▶ [Assigned task]
Although pictures appear in the entries below, leave them out and print exactly the lines from the first line through the line containing "선도리 웰빙 해물칼국수집의".

Data Start Marker

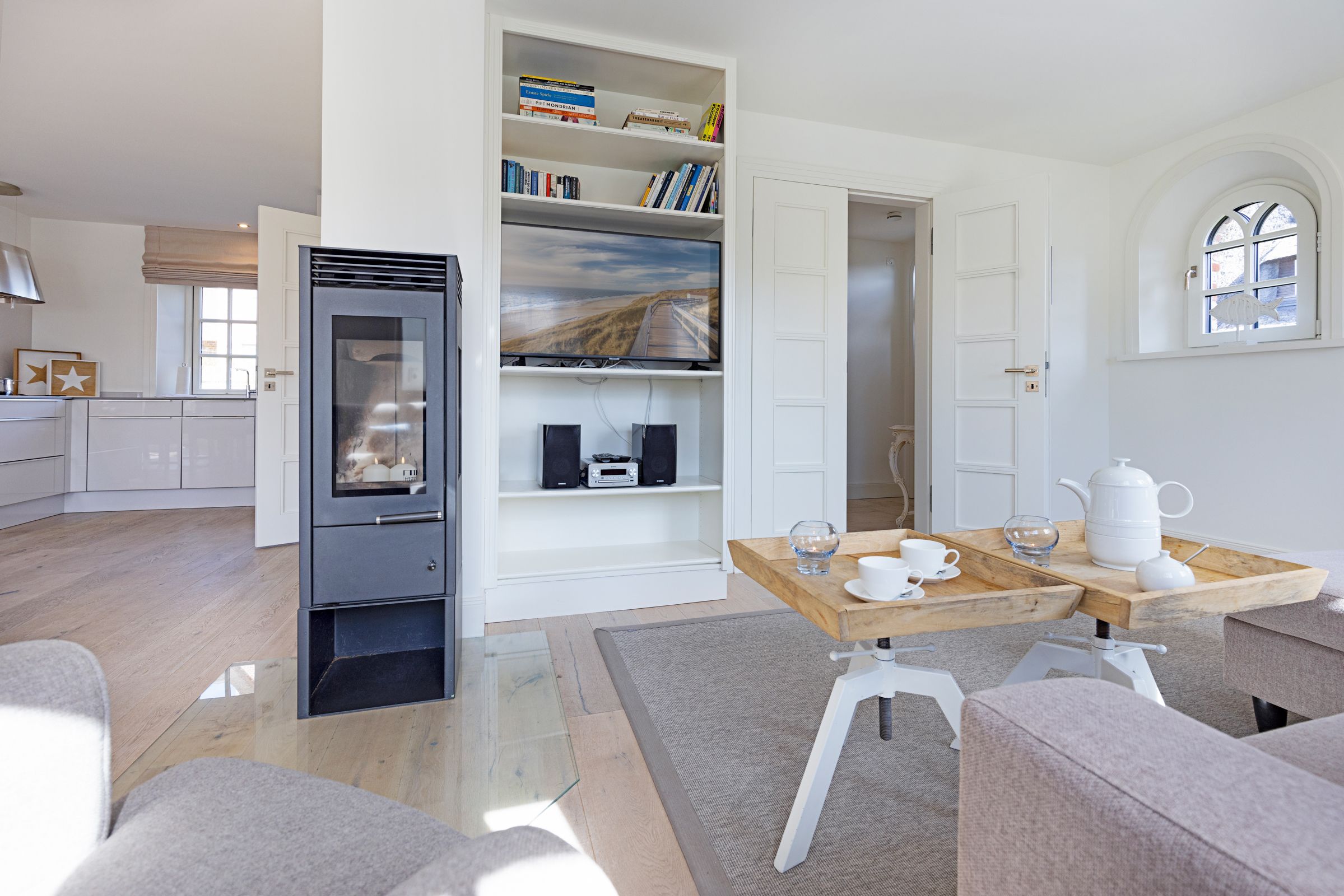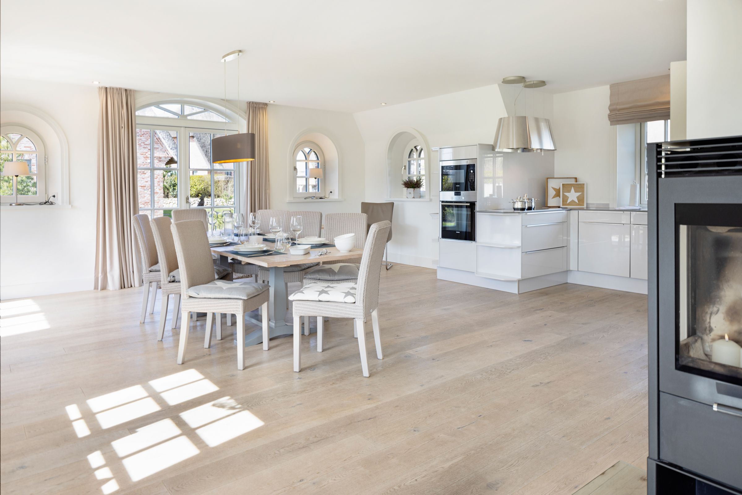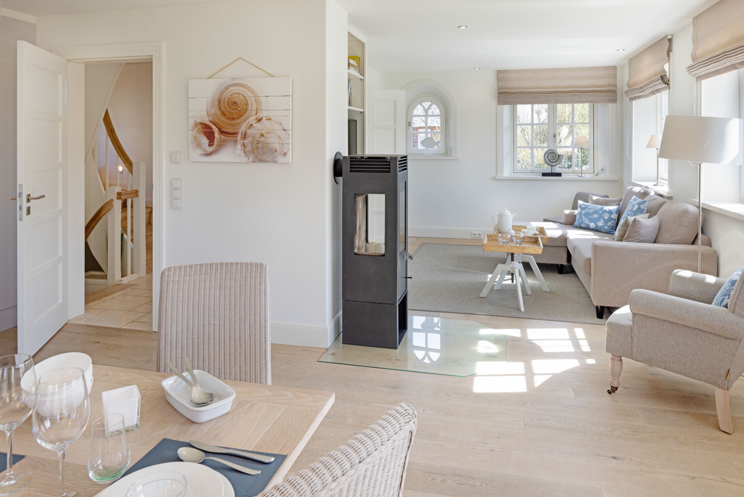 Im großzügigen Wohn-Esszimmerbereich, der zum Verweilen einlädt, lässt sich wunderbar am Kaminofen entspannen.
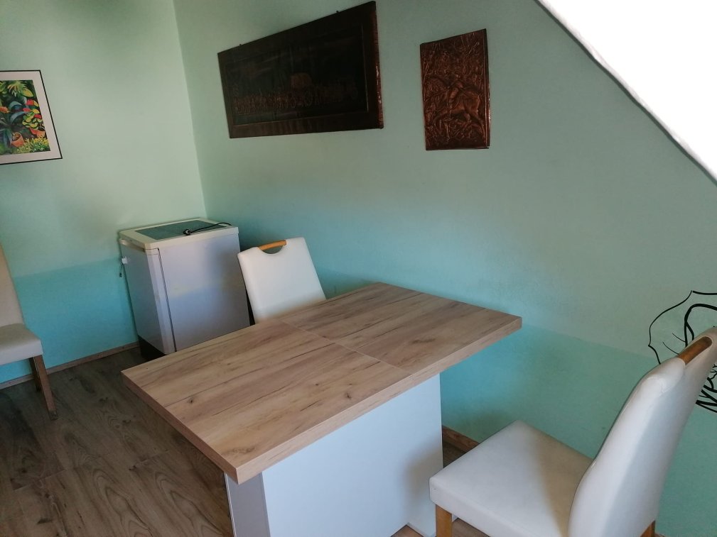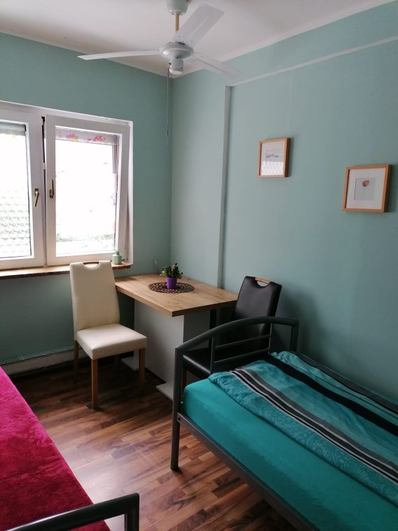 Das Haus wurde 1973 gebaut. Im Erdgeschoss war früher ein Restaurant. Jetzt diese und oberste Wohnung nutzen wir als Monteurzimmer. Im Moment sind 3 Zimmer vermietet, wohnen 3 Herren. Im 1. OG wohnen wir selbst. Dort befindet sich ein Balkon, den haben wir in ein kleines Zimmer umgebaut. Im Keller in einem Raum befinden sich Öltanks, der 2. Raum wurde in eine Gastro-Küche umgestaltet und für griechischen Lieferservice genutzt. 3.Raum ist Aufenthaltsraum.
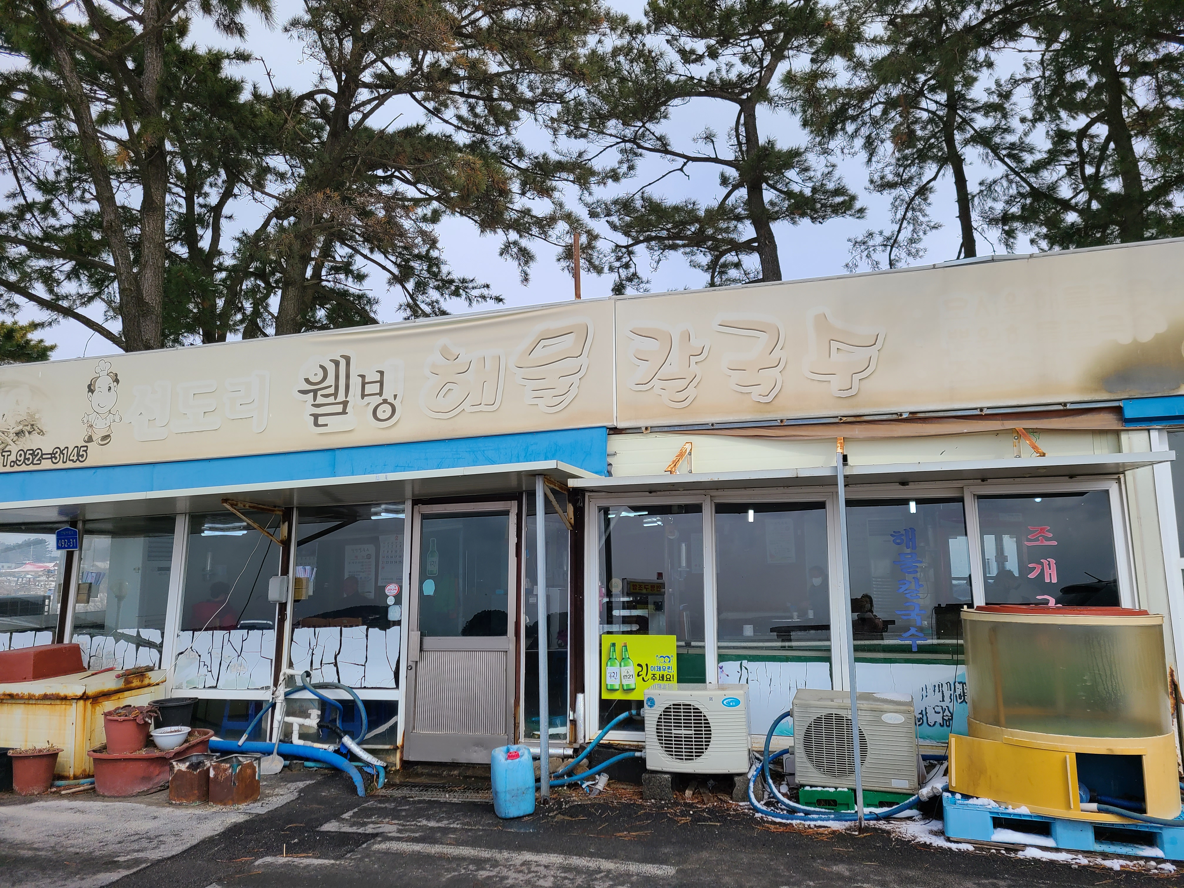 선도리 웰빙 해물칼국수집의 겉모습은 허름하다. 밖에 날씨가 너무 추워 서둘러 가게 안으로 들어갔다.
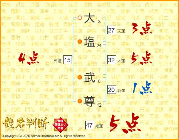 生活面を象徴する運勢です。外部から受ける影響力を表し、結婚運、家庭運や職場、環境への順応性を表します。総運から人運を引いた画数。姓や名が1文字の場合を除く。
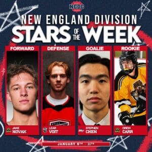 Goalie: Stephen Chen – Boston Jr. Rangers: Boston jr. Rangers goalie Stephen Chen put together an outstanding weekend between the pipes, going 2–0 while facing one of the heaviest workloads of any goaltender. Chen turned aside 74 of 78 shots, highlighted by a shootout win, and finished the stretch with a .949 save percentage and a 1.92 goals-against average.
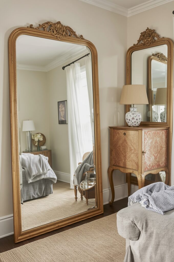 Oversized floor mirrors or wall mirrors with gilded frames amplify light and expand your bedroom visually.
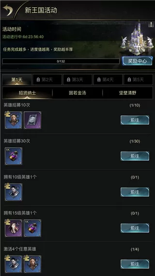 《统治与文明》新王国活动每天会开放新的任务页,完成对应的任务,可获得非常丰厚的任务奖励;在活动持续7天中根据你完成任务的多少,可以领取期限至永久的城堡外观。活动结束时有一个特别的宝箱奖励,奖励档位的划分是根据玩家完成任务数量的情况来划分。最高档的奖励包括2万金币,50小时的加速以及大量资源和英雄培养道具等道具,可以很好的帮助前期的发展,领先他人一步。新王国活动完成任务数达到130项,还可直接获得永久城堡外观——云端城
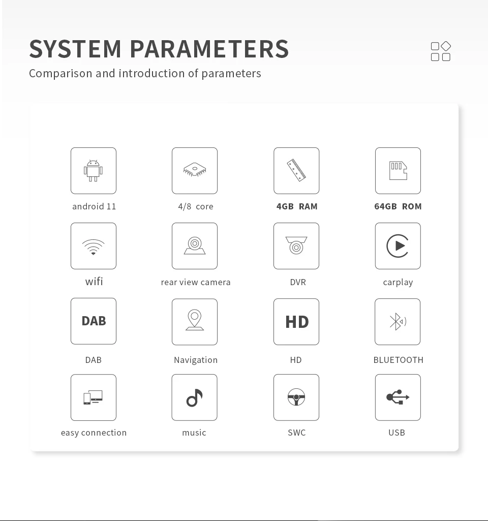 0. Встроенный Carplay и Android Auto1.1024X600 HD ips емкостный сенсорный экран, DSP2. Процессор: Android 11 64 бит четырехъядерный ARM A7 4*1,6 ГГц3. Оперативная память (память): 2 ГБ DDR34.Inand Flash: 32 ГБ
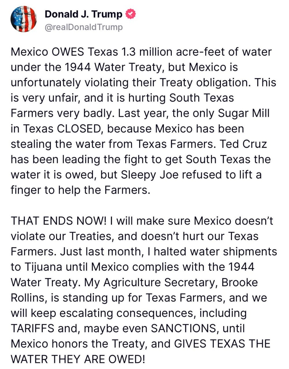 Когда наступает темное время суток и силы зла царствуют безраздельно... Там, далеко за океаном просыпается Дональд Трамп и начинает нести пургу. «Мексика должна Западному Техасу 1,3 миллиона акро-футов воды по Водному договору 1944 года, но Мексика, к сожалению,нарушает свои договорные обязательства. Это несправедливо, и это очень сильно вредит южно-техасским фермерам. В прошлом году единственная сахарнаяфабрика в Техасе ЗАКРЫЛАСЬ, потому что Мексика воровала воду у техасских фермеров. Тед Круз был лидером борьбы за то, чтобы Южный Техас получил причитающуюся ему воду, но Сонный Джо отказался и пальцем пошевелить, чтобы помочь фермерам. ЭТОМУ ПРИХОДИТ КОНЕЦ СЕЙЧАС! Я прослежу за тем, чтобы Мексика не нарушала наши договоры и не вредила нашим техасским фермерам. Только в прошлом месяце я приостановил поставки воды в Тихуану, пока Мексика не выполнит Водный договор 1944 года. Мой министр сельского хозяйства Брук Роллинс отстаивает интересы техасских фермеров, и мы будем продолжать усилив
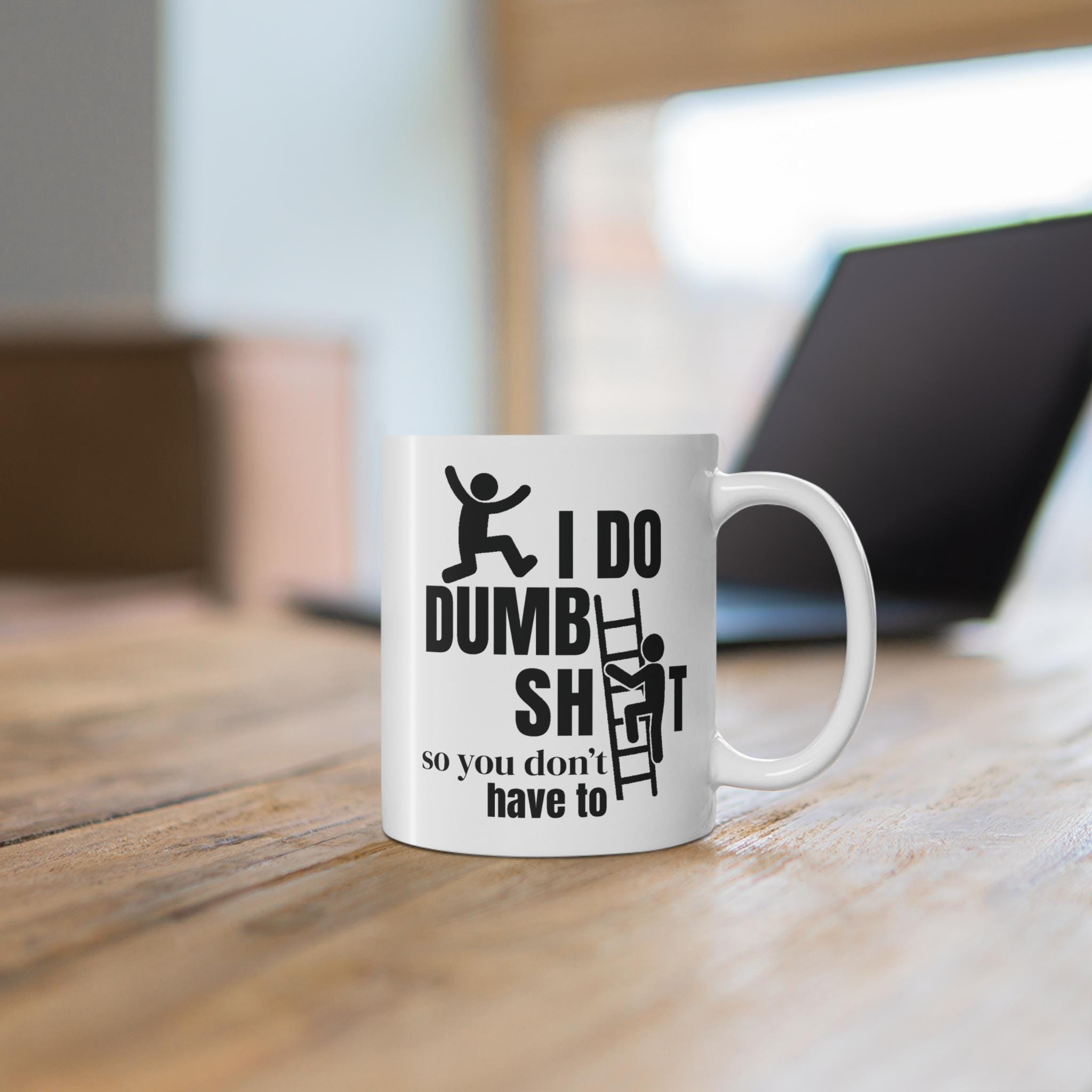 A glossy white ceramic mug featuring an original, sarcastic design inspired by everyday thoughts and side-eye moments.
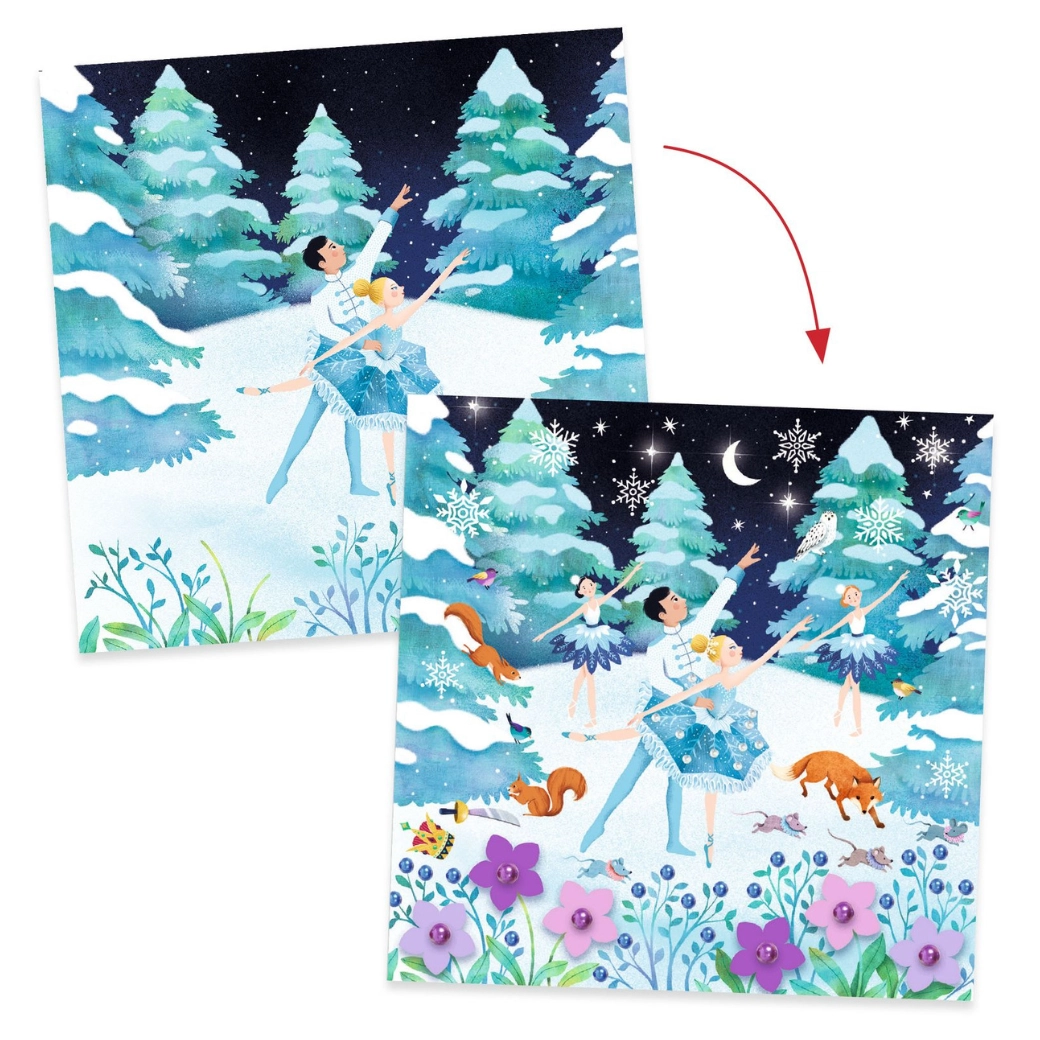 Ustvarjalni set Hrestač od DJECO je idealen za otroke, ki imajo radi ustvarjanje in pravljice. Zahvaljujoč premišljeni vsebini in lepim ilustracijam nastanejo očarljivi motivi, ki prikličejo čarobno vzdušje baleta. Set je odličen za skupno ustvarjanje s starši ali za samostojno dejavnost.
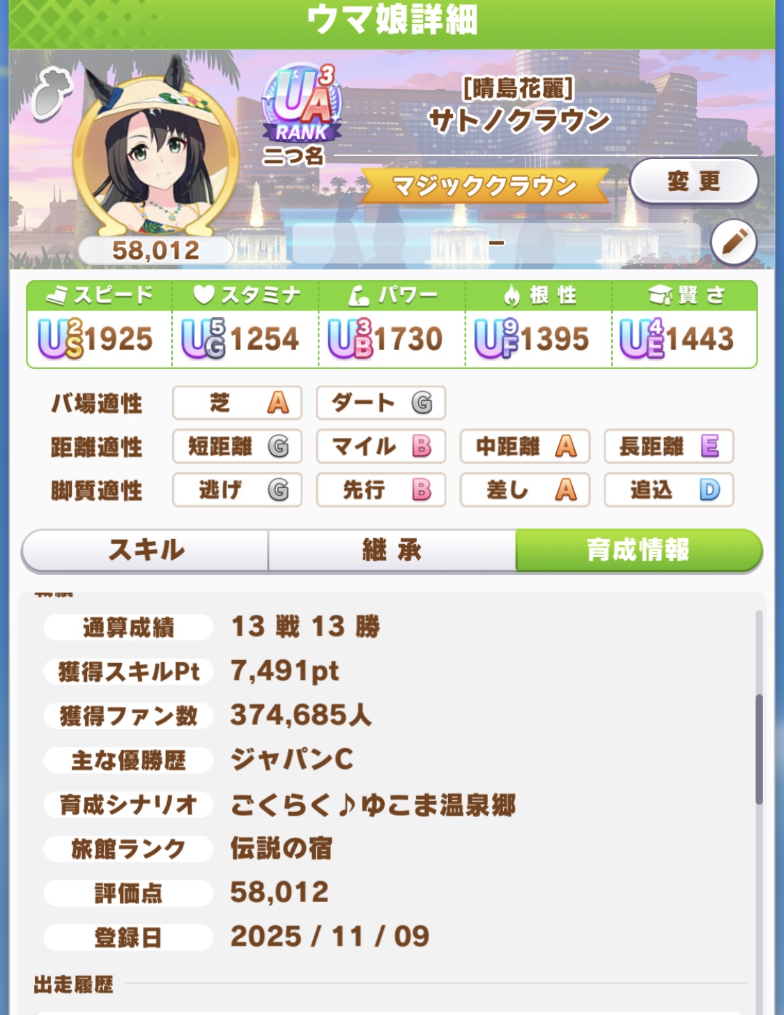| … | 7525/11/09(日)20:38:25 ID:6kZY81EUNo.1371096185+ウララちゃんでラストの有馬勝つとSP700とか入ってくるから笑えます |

Data End Marker

▶ [Solution to this problem]
 Im großzügigen Wohn-Esszimmerbereich, der zum Verweilen einlädt, lässt sich wunderbar am Kaminofen entspannen.
 Das Haus wurde 1973 gebaut. Im Erdgeschoss war früher ein Restaurant. Jetzt diese und oberste Wohnung nutzen wir als Monteurzimmer. Im Moment sind 3 Zimmer vermietet, wohnen 3 Herren. Im 1. OG wohnen wir selbst. Dort befindet sich ein Balkon, den haben wir in ein kleines Zimmer umgebaut. Im Keller in einem Raum befinden sich Öltanks, der 2. Raum wurde in eine Gastro-Küche umgestaltet und für griechischen Lieferservice genutzt. 3.Raum ist Aufenthaltsraum.
 선도리 웰빙 해물칼국수집의 겉모습은 허름하다. 밖에 날씨가 너무 추워 서둘러 가게 안으로 들어갔다.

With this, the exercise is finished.